(Given records begins)

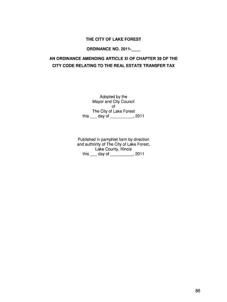 THE CITY OF LAKE FOREST ORDINANCE NO. 2011 AN ORDINANCE AMENDING ARTICLE XI OF CHAPTER 39 OF THE CITY CODE RELATING TO THE REAL ESTATE TRANSFER TAX Adopted by the Mayor and City Council of The City
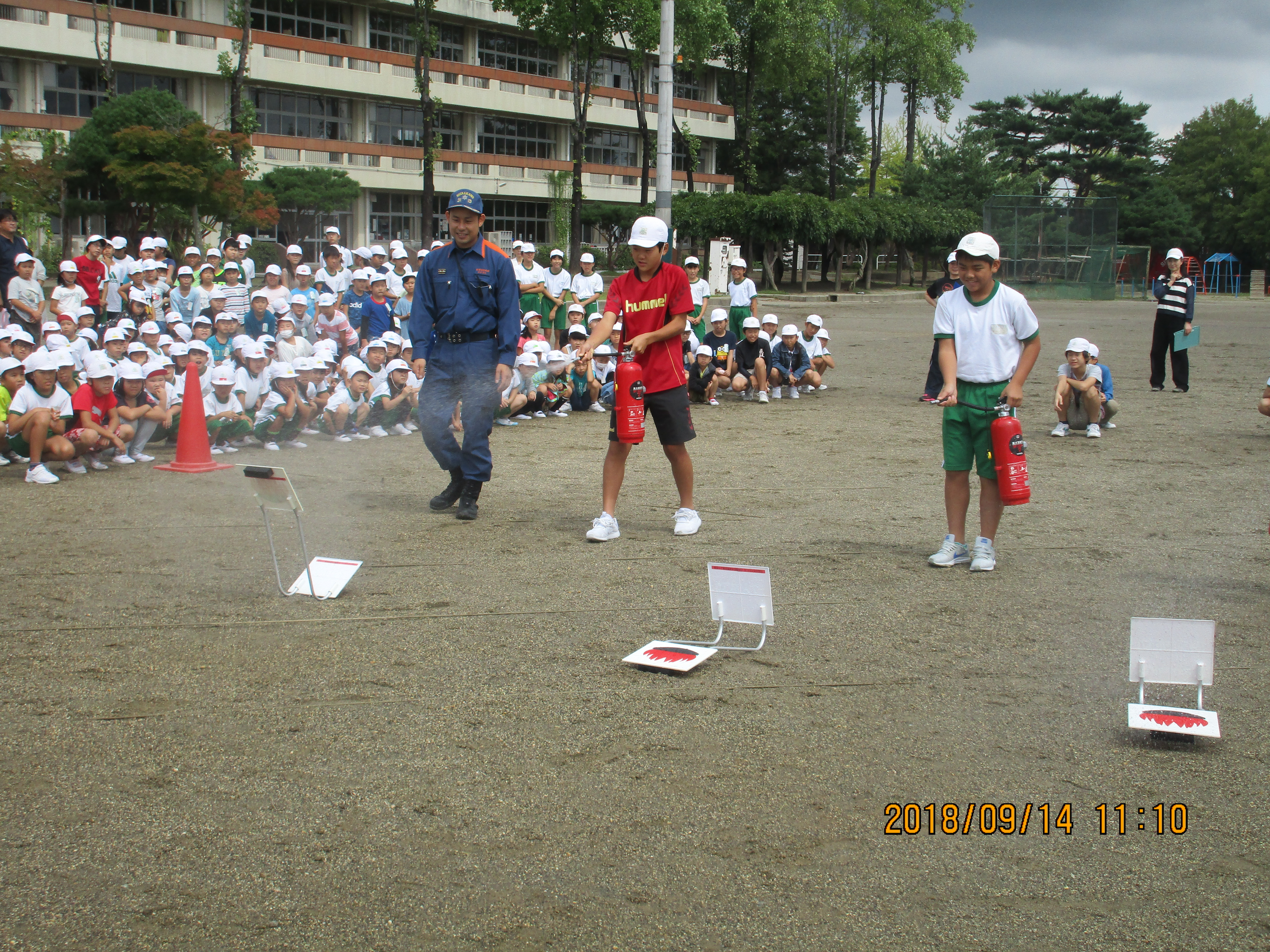 6年生による消火器を使った消火訓練も行いました。大きな声で「火事だ!」と回りに伝えた後で消火器を手順通りに使って水をかけることができました。
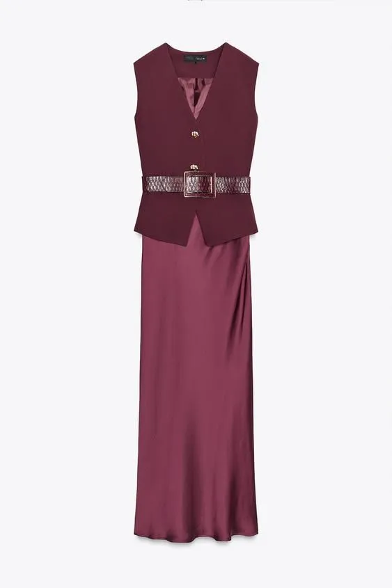 Vestido midi combinado colete cinto, Zara, 49.95€
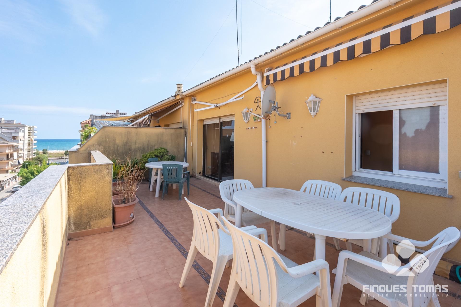 Presentamos este espectacular ático en venta totalmente exterior, con gran terraza privada y vistas laterales al mar, ubicado a tan solo 150 metros de la playa en Segur de Calafell, Tarragona. Gracias a sus características y ubicación privilegiada, es una excelente oportunidad tanto como residencia habitual, segunda vivienda o inversión patrimonial, con la combinación perfecta de luz natural, amplitud y privacidad.~~La vivienda cuenta con una distribución cómoda y bien pensada; separa de forma natural las zonas de día y de noche, ofreciendo funcionalidad y confort en cada estancia. Al entrar, encontramos un bonito recibidor que conecta con un amplio salón comedor con acceso directo a una terraza exterior tipo solárium. Desde el salón se accede a la cocina independiente totalmente equipada y a la zona de noche, que consta de dos dormitorios dobles y una habitación individual que puede utilizarse también como despacho o vestidor. El dormitorio principal cuenta con armarios empotrados, mientras que el otro dormitorio doble tiene salida a una segunda terraza exterior con galería, perfecta para utilizar como trastero o zona de almacenaje extra. Dispone de un baño completo con plato de ducha y un aseo adicional, ambos con ventana, lo que aporta mayor comodidad para toda la familia o visitas. Todas las estancias de la vivienda son orientadas al exterior, lo que garantiza una excelente entrada de luz y ventilación natural durante todo el día.~~Una de las características más destacadas de este ático es su gran terraza exterior con vistas laterales al mar, perfecta para crear una zona chill-out, comedor exterior o instalar tumbonas. Un espacio ideal para relajarte, tomar el sol, organizar comidas al aire libre o simplemente disfrutar de la brisa marina. Se trata de un gran valor añadido en zonas costeras que aporta privacidad y comodidad, muy demandado para alquiler. Este ático se encuentra en una cuarta planta de una finca con ascensor y cuenta con plaza de parking privada incluida en el precio. Situado a solo una calle de la playa y el Paseo Marítimo, en un entorno tranquilo y bien comunicado, cerca de todos los servicios esenciales –farmacias, supermercados, comercios y restauración–, y a 7 minutos a pie de la estación de tren.~~Contáctanos para más información y descubre esta propiedad en exclusiva con nosotros.~
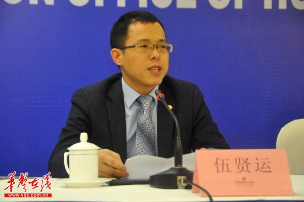 4月21日上午,湖南省委外宣办新闻发布处副处长伍贤运主持2014年湖南省知识产权保护状况新闻发布会
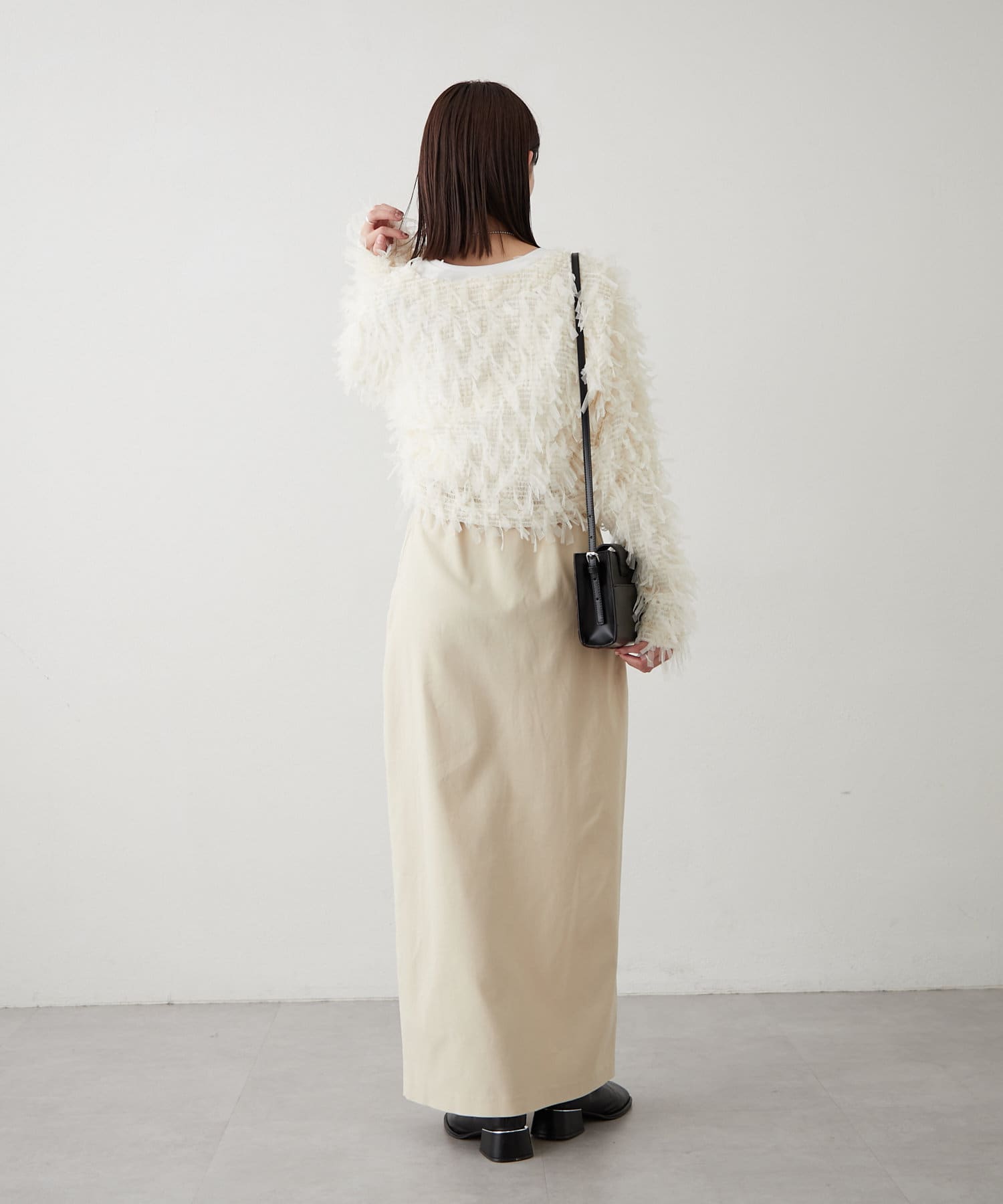 ・スカートとしてだけでなく、ビスチェ風に着てデニムにレイヤードするだけで、こなれ感のあるスタイリングに!
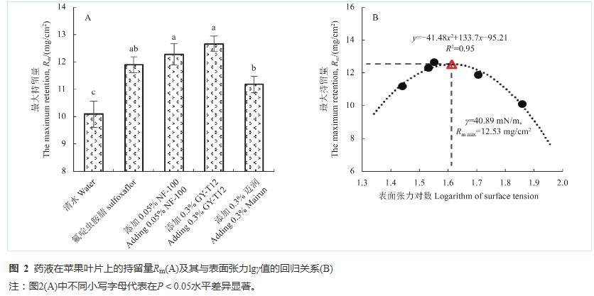 2.4添加助剂后药液在苹果叶片上最大持留量及与表面张力的关系

(Given records ends)

Task instructions: Copy the listing verbatim, omitting images.

Result for this exercise:
 THE CITY OF LAKE FOREST ORDINANCE NO. 2011 AN ORDINANCE AMENDING ARTICLE XI OF CHAPTER 39 OF THE CITY CODE RELATING TO THE REAL ESTATE TRANSFER TAX Adopted by the Mayor and City Council of The City
 6年生による消火器を使った消火訓練も行いました。大きな声で「火事だ!」と回りに伝えた後で消火器を手順通りに使って水をかけることができました。
 Vestido midi combinado colete cinto, Zara, 49.95€
 Presentamos este espectacular ático en venta totalmente exterior, con gran terraza privada y vistas laterales al mar, ubicado a tan solo 150 metros de la playa en Segur de Calafell, Tarragona. Gracias a sus características y ubicación privilegiada, es una excelente oportunidad tanto como residencia habitual, segunda vivienda o inversión patrimonial, con la combinación perfecta de luz natural, amplitud y privacidad.~~La vivienda cuenta con una distribución cómoda y bien pensada; separa de forma natural las zonas de día y de noche, ofreciendo funcionalidad y confort en cada estancia. Al entrar, encontramos un bonito recibidor que conecta con un amplio salón comedor con acceso directo a una terraza exterior tipo solárium. Desde el salón se accede a la cocina independiente totalmente equipada y a la zona de noche, que consta de dos dormitorios dobles y una habitación individual que puede utilizarse también como despacho o vestidor. El dormitorio principal cuenta con armarios empotrados, mientras que el otro dormitorio doble tiene salida a una segunda terraza exterior con galería, perfecta para utilizar como trastero o zona de almacenaje extra. Dispone de un baño completo con plato de ducha y un aseo adicional, ambos con ventana, lo que aporta mayor comodidad para toda la familia o visitas. Todas las estancias de la vivienda son orientadas al exterior, lo que garantiza una excelente entrada de luz y ventilación natural durante todo el día.~~Una de las características más destacadas de este ático es su gran terraza exterior con vistas laterales al mar, perfecta para crear una zona chill-out, comedor exterior o instalar tumbonas. Un espacio ideal para relajarte, tomar el sol, organizar comidas al aire libre o simplemente disfrutar de la brisa marina. Se trata de un gran valor añadido en zonas costeras que aporta privacidad y comodidad, muy demandado para alquiler. Este ático se encuentra en una cuarta planta de una finca con ascensor y cuenta con plaza de parking privada incluida en el precio. Situado a solo una calle de la playa y el Paseo Marítimo, en un entorno tranquilo y bien comunicado, cerca de todos los servicios esenciales –farmacias, supermercados, comercios y restauración–, y a 7 minutos a pie de la estación de tren.~~Contáctanos para más información y descubre esta propiedad en exclusiva con nosotros.~
 4月21日上午,湖南省委外宣办新闻发布处副处长伍贤运主持2014年湖南省知识产权保护状况新闻发布会
 ・スカートとしてだけでなく、ビスチェ風に着てデニムにレイヤードするだけで、こなれ感のあるスタイリングに!
 2.4添加助剂后药液在苹果叶片上最大持留量及与表面张力的关系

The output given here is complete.